In May 2012, when Dilip Shanghvi announced he was relinquishing his job as chairman of Sun Pharmaceuticals to make way for Israel Makov, former CEO of Teva Pharmaceuticals, everyone wondered why the 58-year-old low-profile Shanghvi, who built Sun Pharma from the ground to one of the world's most profitable makers of generic drugs, gave up the top position.
Shanghvi has surprised all in other ways, too. The year 2012-13, which draws to a close on Sunday, has seen the now managing director of the pharma giant leading the company to the league table of India's top-10 business groups by market value. It was 12th in 2011-12.
Sun Pharma is now India's eighth-most-valuable business house, ahead of older and more diversified business houses, such as the Bajaj, OP Jindal, Anil Ambani, UB, Godrej and Hinduja. (CHANGING PECKING ORDER)
Sun Pharma was the best performer among large-cap stocks, rising 45 per cent in FY13, compared with eight per cent appreciation in the BSE Sensex during the period.
Mahindra Group was another big gainer, adding 32 per cent and jumping four notches to emerge the seventh-most-valuable business house at the end of March 2013. It was 11th in FY12. The group's flagship Mahindra & Mahindra was up 24 per cent year-on-year, accounting for nearly half the rise in the group's market value last financial year.
For shareholders, however, the best performer was Mahindra Satyam, with a 60 per cent rise in stock price, followed by M&M Financial Services (up 59 per cent).
If Sun Pharma and Mahindras gained the most, on the losing side was the Anil Ambani group, down seven places and out of the list. It slipped to the 15th position, behind Asian Paints. The group's market value declined Rs 30,600 crore, or 40 per cent, with all six group companies witnessing fall in stock prices. The biggest loser were the group's power and infra firms, followed by telecom. Reliance Power was down 47.3 per cent, Reliance Infra by 44.7 per cent and Reliance Communication 34.3 per cent.
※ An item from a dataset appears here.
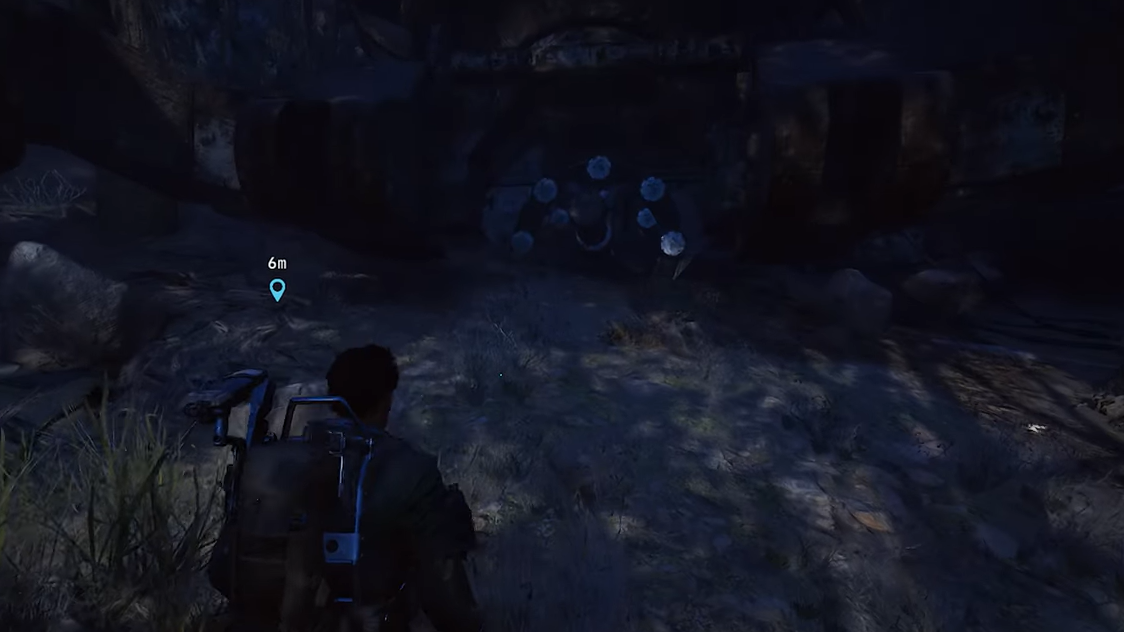 Step 1: Stand facing the Baron Husk wreckage in the Formicai Hills clearing. From this position, turn slightly to the right-hand side of the husk.

The Adani group also went out, losing 20 per cent of aggregate market value following a decline in share prices of Adani Power (down 34.7 per cent) and Adani Enterprises (down 33.6 per cent). The double-digit drop in their market value more than negated the 7.5 per cent rise in Adani Ports' market capitalisation; and the group lost nearly Rs 15,000 crore in market value.
The change in the league table seems to be part of a shift in market preference for companies with stable and predictable earnings growth and superior balance sheets.
This has led investors to preferring quality over growth and turned the table in favour of companies in pharma, consumer goods, retail finance and IT services businesses. Among traditional biggies, Tata Group again beat the broader market, with 14 per cent rise in market value, helping Bombay House maintain its top slot and increase the lead. This was largely due to TCS (its stock went up 35 per cent), which became India's most valuable company with a market capitalisation of Rs 3.07 lakh crore. The incremental growth in TCS' market value more than made up for the decline in those of other key Tata companies.
Aditya Birla Group companies kept pace with the broader market, with 7.2 per cent rise in the group's aggregate market value. While Ultratech Cement and Idea Cellular beat the market, the gains were largely negated by a poor show by Hindalco, which lost 19.3 per cent of its market value. At the aggregate level, the group maintained its fourth rank behind the Vedanta group. Though its performance was nothing to write home about, Mukesh Ambani's Reliance group remained India's second-most-valuable business house.